The discovery of novel and easily available leads provides a convincing solution to agrochemical innovation. A bioassay-guided scaffold subtraction of the previous "Chem-Bio Model" isoquinoline-3-oxazoline MIQOX was conducted for identifying the easily available isoquinoline-3-hydrazide as a novel antifungal scaffold. The special and practical potential of this model was demonstrated by a phenotypic antifungal bioassay, molecular docking, and cross-resistance evaluation. A panel of antifungal leads (LW2, LW3, and LW11) was acquired, showing much better antifungal performance than the positive controls. Specifically, compound LW3 exhibited a broad antifungal spectrum holding EC 50 values as low as 0.54, 0.09, 1.52, and 2.65 mg/L against B. cinerea, R. solani, S. sclerotiorum , and F. graminearum, respectively. It demonstrated a curative efficacy better than that of boscalid in controlling the plant disease caused by B. cinerea.

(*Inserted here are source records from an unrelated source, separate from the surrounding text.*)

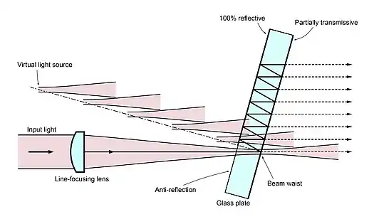 The main component of a VIPA is a glass plate whose normal is slightly tilted with respect to the input light. One side (light input side) of the glass plate is coated with a 100% reflective mirror and the other side (light output side) is coated with a highly reflective but partially transmissive mirror. The side with the 100% reflective mirror has an anti-reflection coated light entrance area, through which a light beam enters the glass plate. The input light is line-focused at the partially transmissive mirror on the light output side. A typical line-focusing lens is a cylindrical lens, which is also part of the VIPA. The light beam is diverging after the beam waist located at the line-focused position.
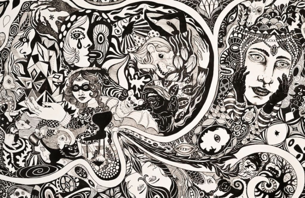 Tusch og blyant på papir. 2018. 70x171 cm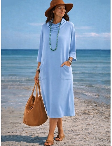 Pentru femei Rochie Maxi Rochie de schimb Casual Zilnic Potrivire Largă Simplu Lungime Manșon 3/4 Glugă Gât Albastru piscină Vară Primăvară Toamnă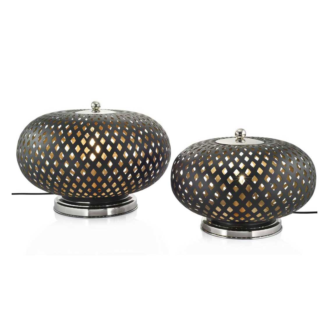 The Makti Quilt Lamps are designed as the perfect companions to our Babloo Quilt Lamps. These black Makti lamps are a stunning combination of elements, combining a shimmering gold interior with a matte black exterior. Their beautiful ellipsoid shape, avaialble in two sizes are adorned with cutaway patterns, adds a touch of elegance to any space.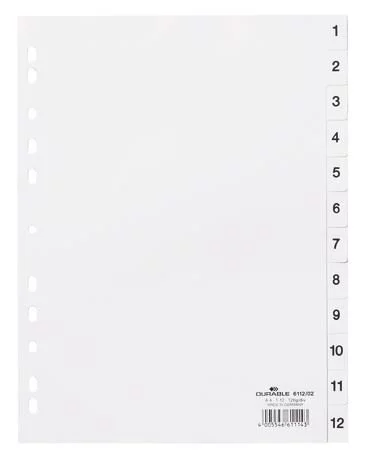 Przekładki A4 PP 1-12 Białe /Durable 611202

The candidate LW3 did not show cross-resistance to the extensively used succinate dehydrogenase inhibitor (SDHI) fungicides and can efficiently inhibit resistant B. cinerea strains. The molecular docking of compound LW3 is quite different from that of the positive controls boscalid and fluopyram. This progress highlights the practicality of isoquinoline hydrazide as a novel model in fungicide innovation.